研究チームは、塩融解電解法で大気中の二酸化炭素を捕集し、陰極上でのグラファイト形成をリアルタイムで観測した。このプロセスは約500°Cで行われる電解還元であり、ラマン分光法により分子結合の振動モードが検出された。

分析では、炭素沈着の初期段階で過酸化物型の中間生成物のスペクトル信号が観測され、この中間生成物が継続的に増加することから、CO2→グラファイト経路の機械的中間体であることが示された。異なる陰極材料を用いた結果、炭素構造は変化した。ニッケル陰極ではナノ粒子とプレートレット様の粒子が、ニッケル‑クロム合金では主にプレートレットが、金陰極ではアモルファスな塊が、タングステン陰極ではアモルファス炭素とともに炭素ナノオニオンが生成された。

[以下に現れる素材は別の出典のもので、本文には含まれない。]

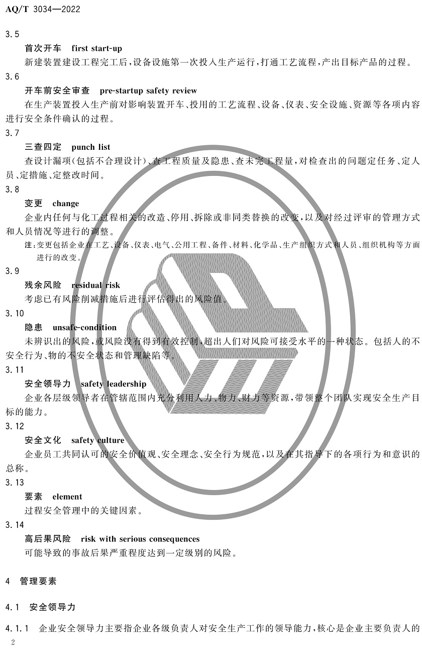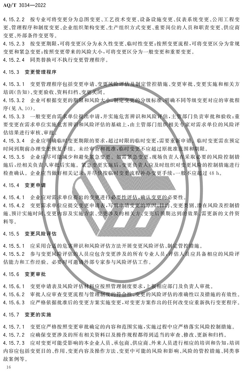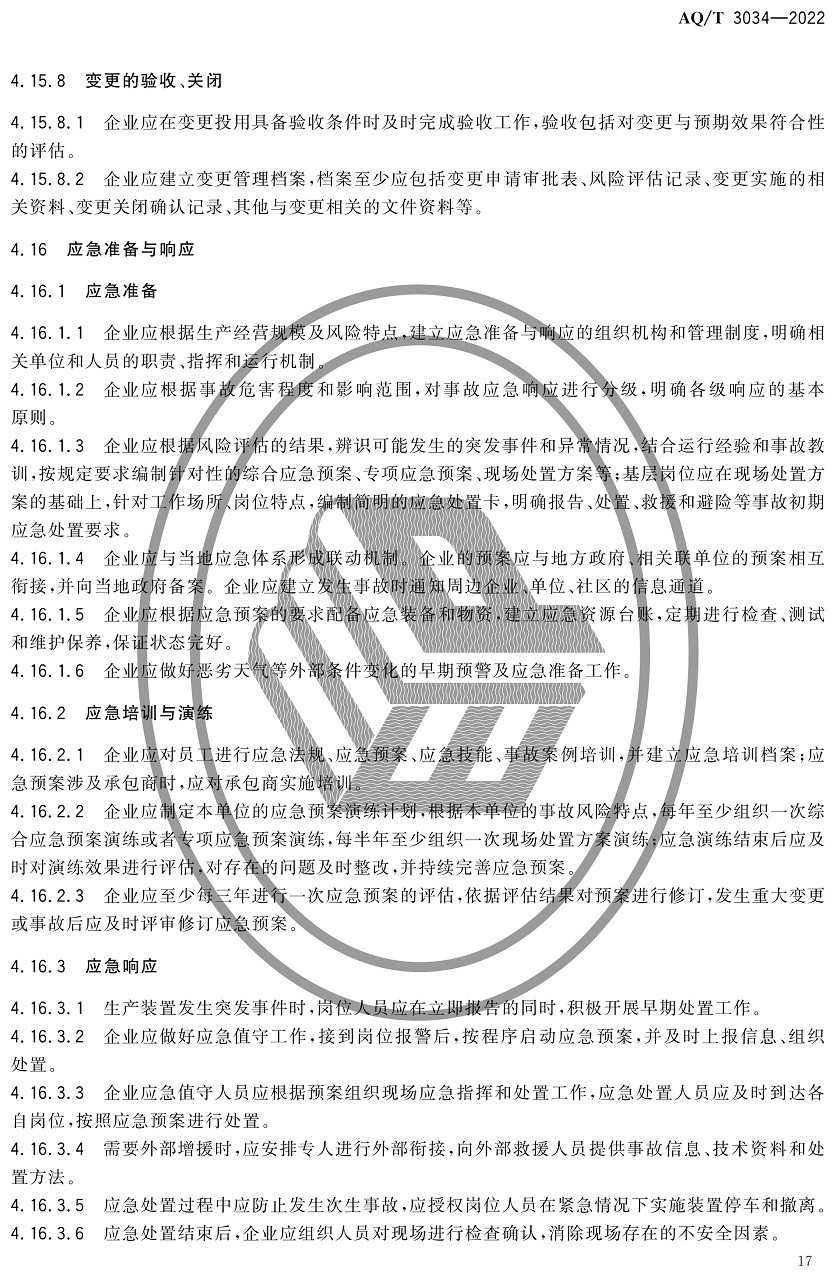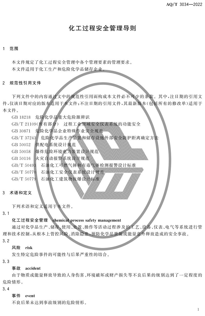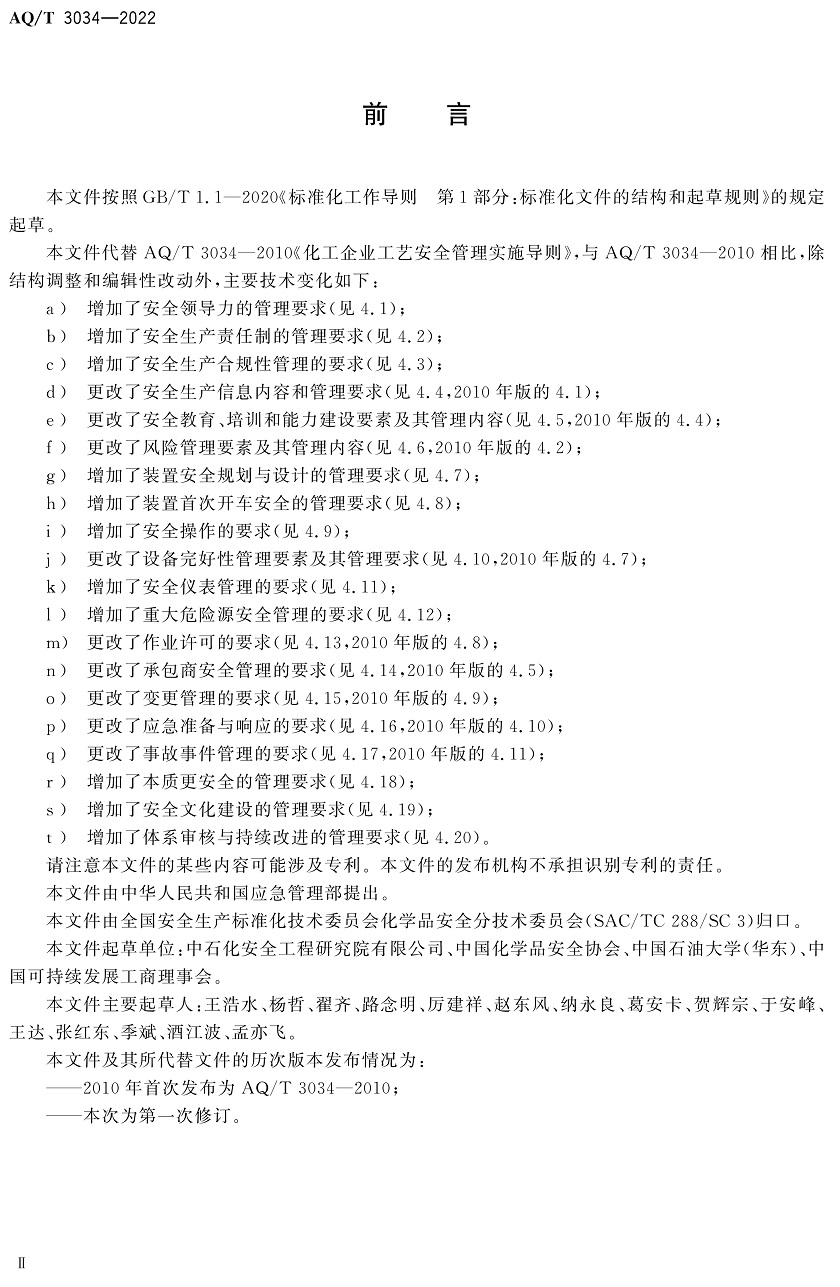 中華人民共和國安全生產行業(yè)標準|AQT3034-2022化工過程安全管理導則全文

この多様性は、目的とする炭素形態に合わせてプロセスを調整できることを示す。例えば電池の陽極に必要なグラファイト構造は、特定の陰極選択で得られる。しかし、プロセスは高温と特殊な塩を必要とするため、産業規模での適用が制限される。低温かつ安価な塩で動作可能なシステムの開発が、負のCO2当量を実現するための優先的研究課題となっている。